## Exercise
Take the data below and copy exactly the lines starting at the one with "中央气象台预计,降温过后最低" and finishing at the one with "This coastal ceramic", both included.

BEGIN Extracted data

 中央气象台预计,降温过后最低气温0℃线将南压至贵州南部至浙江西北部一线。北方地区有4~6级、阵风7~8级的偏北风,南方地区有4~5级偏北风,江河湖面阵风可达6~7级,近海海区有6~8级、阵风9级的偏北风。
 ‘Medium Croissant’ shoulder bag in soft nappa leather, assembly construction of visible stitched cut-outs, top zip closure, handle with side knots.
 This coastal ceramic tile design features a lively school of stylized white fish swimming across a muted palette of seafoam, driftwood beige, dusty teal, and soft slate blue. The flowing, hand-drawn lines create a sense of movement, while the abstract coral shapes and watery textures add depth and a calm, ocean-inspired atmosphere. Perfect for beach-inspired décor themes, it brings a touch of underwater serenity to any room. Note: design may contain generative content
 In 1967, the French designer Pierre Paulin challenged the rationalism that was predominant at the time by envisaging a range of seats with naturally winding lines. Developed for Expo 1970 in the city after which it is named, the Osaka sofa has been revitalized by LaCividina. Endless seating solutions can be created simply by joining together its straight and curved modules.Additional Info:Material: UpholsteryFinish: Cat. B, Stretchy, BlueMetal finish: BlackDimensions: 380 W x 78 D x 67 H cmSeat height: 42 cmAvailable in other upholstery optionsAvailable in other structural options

END Extracted data
BEGIN Extracted data

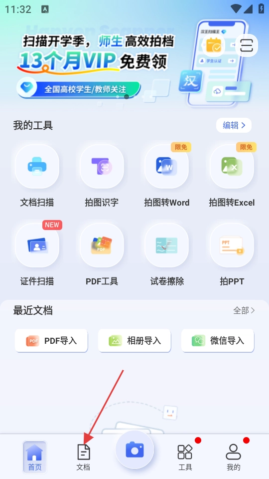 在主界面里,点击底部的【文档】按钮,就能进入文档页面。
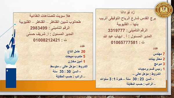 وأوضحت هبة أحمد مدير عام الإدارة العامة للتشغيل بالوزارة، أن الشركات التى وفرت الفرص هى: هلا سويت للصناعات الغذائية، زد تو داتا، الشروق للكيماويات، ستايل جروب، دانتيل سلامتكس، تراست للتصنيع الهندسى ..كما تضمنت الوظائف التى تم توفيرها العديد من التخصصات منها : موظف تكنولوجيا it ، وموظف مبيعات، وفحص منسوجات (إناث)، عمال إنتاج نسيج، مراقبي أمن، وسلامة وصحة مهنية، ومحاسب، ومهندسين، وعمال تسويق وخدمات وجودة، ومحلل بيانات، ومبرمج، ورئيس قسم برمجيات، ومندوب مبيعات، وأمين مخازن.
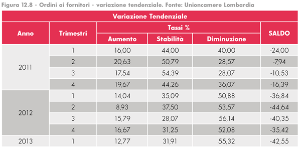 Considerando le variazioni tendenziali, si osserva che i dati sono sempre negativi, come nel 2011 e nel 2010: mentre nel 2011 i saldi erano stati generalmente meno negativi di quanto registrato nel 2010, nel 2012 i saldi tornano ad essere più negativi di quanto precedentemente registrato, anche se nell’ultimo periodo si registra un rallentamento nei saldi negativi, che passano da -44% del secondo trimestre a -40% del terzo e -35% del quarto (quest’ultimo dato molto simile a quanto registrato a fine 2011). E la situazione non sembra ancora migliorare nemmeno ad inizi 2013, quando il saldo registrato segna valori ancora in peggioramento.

END Extracted data
BEGIN Extracted data

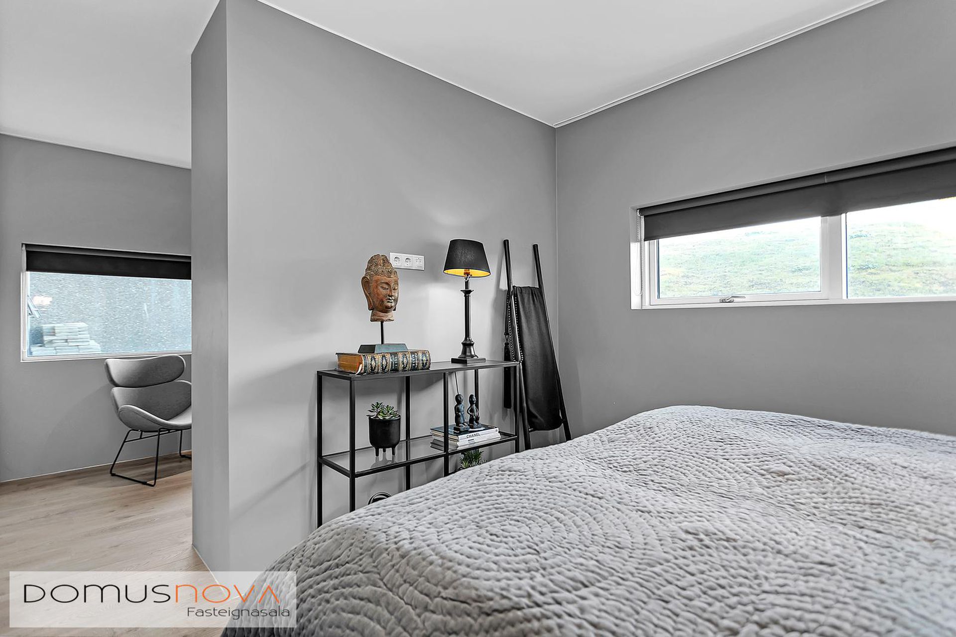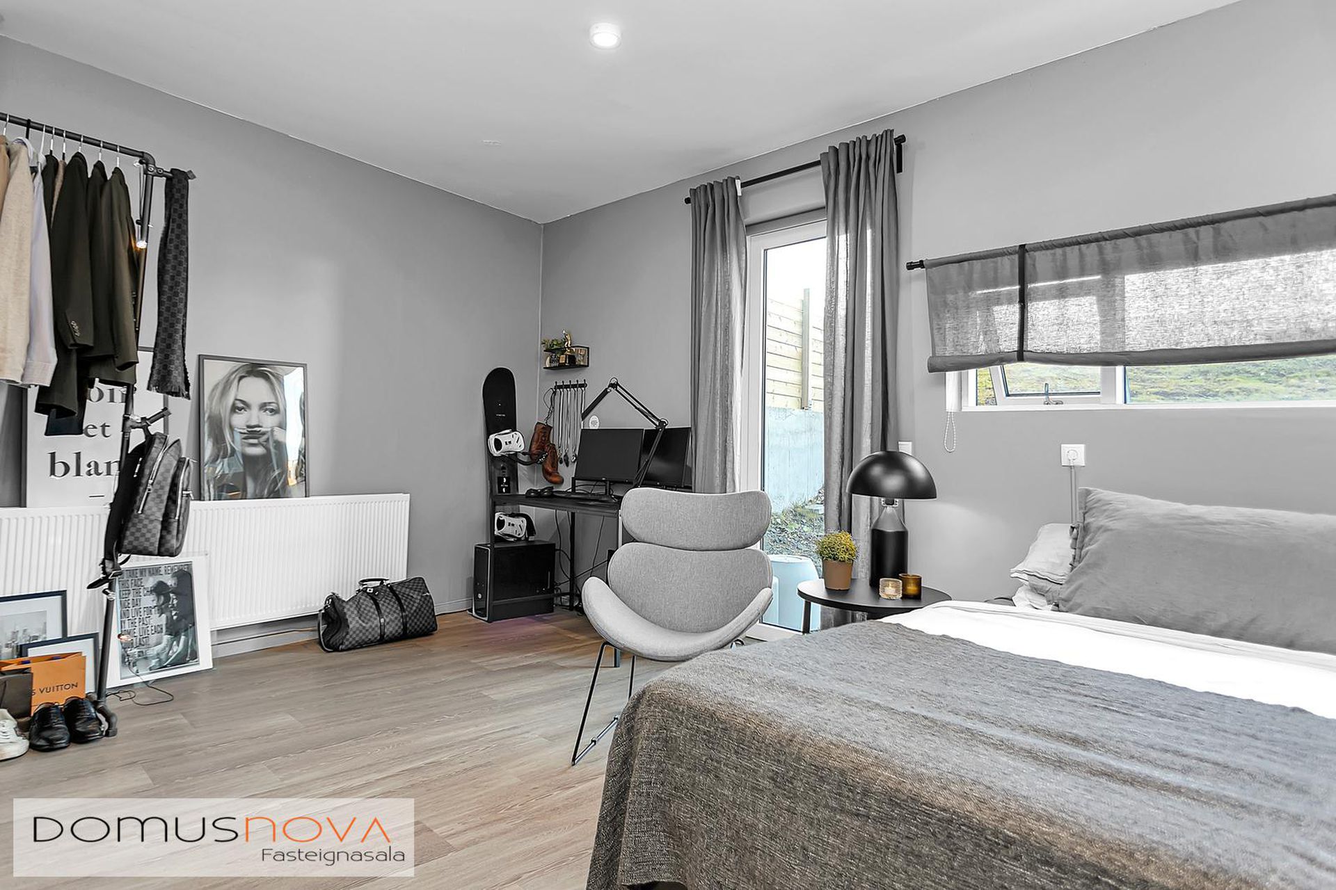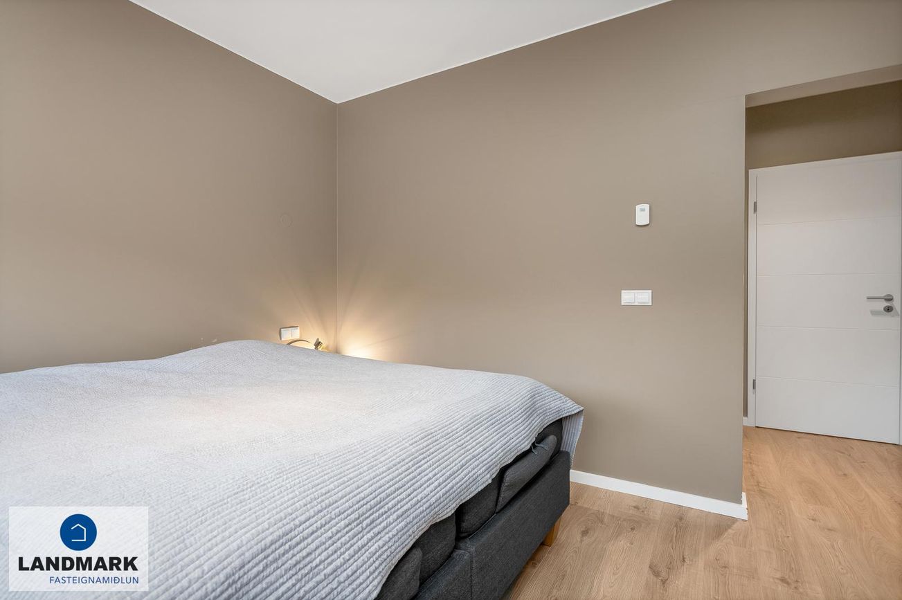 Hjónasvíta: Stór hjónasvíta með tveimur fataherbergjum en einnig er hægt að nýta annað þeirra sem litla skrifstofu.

END Extracted data

## Task result
 中央气象台预计,降温过后最低气温0℃线将南压至贵州南部至浙江西北部一线。北方地区有4~6级、阵风7~8级的偏北风,南方地区有4~5级偏北风,江河湖面阵风可达6~7级,近海海区有6~8级、阵风9级的偏北风。
 ‘Medium Croissant’ shoulder bag in soft nappa leather, assembly construction of visible stitched cut-outs, top zip closure, handle with side knots.
 This coastal ceramic tile design features a lively school of stylized white fish swimming across a muted palette of seafoam, driftwood beige, dusty teal, and soft slate blue. The flowing, hand-drawn lines create a sense of movement, while the abstract coral shapes and watery textures add depth and a calm, ocean-inspired atmosphere. Perfect for beach-inspired décor themes, it brings a touch of underwater serenity to any room. Note: design may contain generative content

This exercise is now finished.